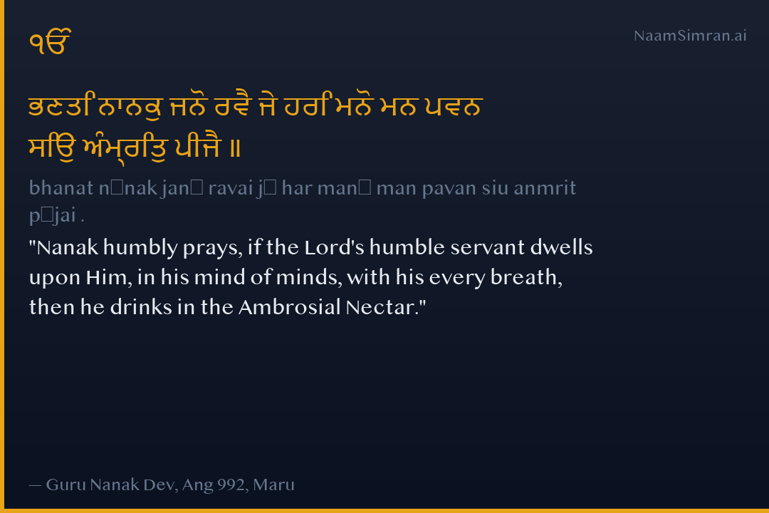 ਭਣਤਿ ਨਾਨਕੁ ਜਨੋ ਰਵੈ ਜੇ ਹਰਿ ਮਨੋ ਮਨ ਪਵਨ ਸਿਉ ਅੰਮ੍ਰਿਤੁ ਪੀਜੈ ॥
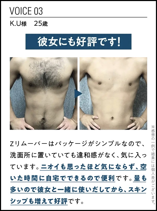Zリムーバーで剛毛をゴッソリ剃っておくと、デートの時も安心して過ごせます♪
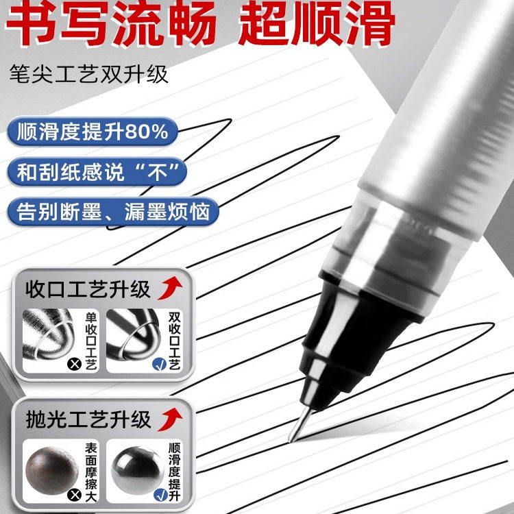 📚 晨光中性笔黑笔直液式走珠笔正品官方旗舰店速干顺滑学生水笔黑色水性碳素直液笔签字笔圆珠笔红笔考试刷题笔
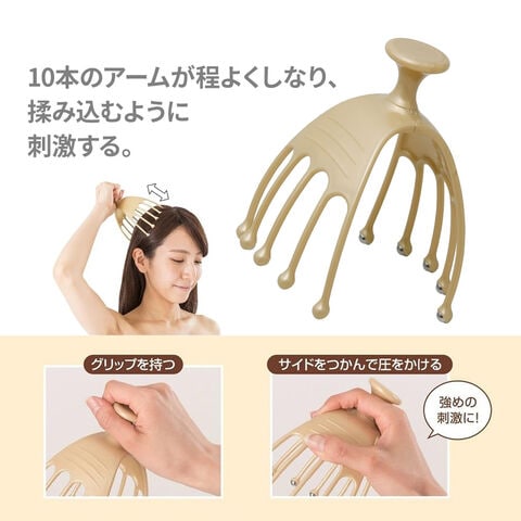 10本のアームで挟むようにもみ上げて、頭皮を動かして血行を良くする頭皮ケアグッズ。
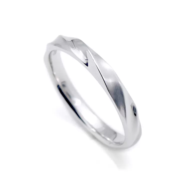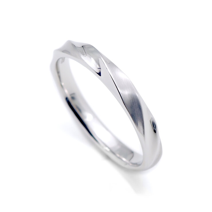 表面はミラー仕上げ(一部ヘアライン)、全体にひねり模様を入れた、上品ながらも個性ある華やかな印象のリングです。
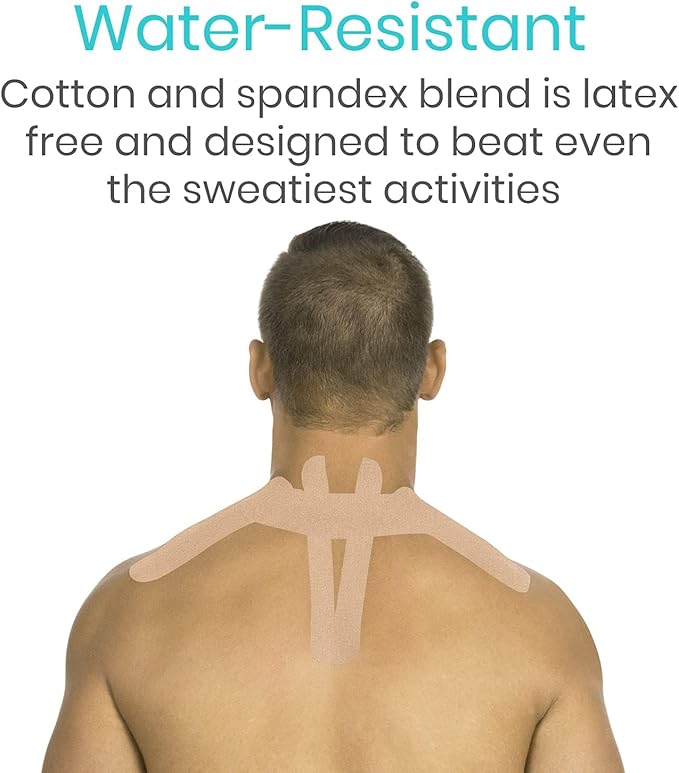- FLEXIBLE WATER-RESISTANT TAPE: Water and sweat-resistant, the Vive kinesiology tape is constructed with a durable fabric blend. Strong, yet flexible, the cotton and spandex blend is latex-free, lightweight and breathable for greater comfort.
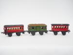 BING. Ecartement I. 3 petites voitures voyageur, état moyen, un toit refait
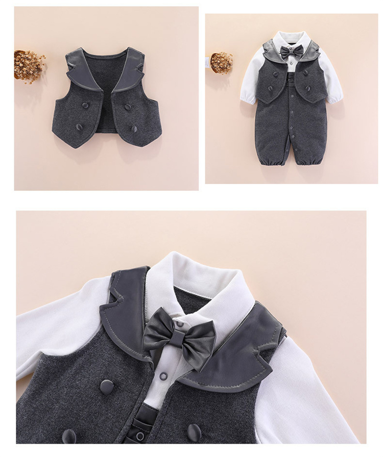 ツーウェイオール 退院着 カバーオール 新生児 2点セット 蝶ネクタイ付き ロンパース ベビー 男の子 スーツ フォーマル【送料無料】

→ **REQUIRED WORK**
Every line above is to be given again exactly, apart from the pictures.

→ **WRITTEN ANSWER**
 ਭਣਤਿ ਨਾਨਕੁ ਜਨੋ ਰਵੈ ਜੇ ਹਰਿ ਮਨੋ ਮਨ ਪਵਨ ਸਿਉ ਅੰਮ੍ਰਿਤੁ ਪੀਜੈ ॥
Zリムーバーで剛毛をゴッソリ剃っておくと、デートの時も安心して過ごせます♪
 📚 晨光中性笔黑笔直液式走珠笔正品官方旗舰店速干顺滑学生水笔黑色水性碳素直液笔签字笔圆珠笔红笔考试刷题笔
 10本のアームで挟むようにもみ上げて、頭皮を動かして血行を良くする頭皮ケアグッズ。
 表面はミラー仕上げ(一部ヘアライン)、全体にひねり模様を入れた、上品ながらも個性ある華やかな印象のリングです。
- FLEXIBLE WATER-RESISTANT TAPE: Water and sweat-resistant, the Vive kinesiology tape is constructed with a durable fabric blend. Strong, yet flexible, the cotton and spandex blend is latex-free, lightweight and breathable for greater comfort.
 BING. Ecartement I. 3 petites voitures voyageur, état moyen, un toit refait
 ツーウェイオール 退院着 カバーオール 新生児 2点セット 蝶ネクタイ付き ロンパース ベビー 男の子 スーツ フォーマル【送料無料】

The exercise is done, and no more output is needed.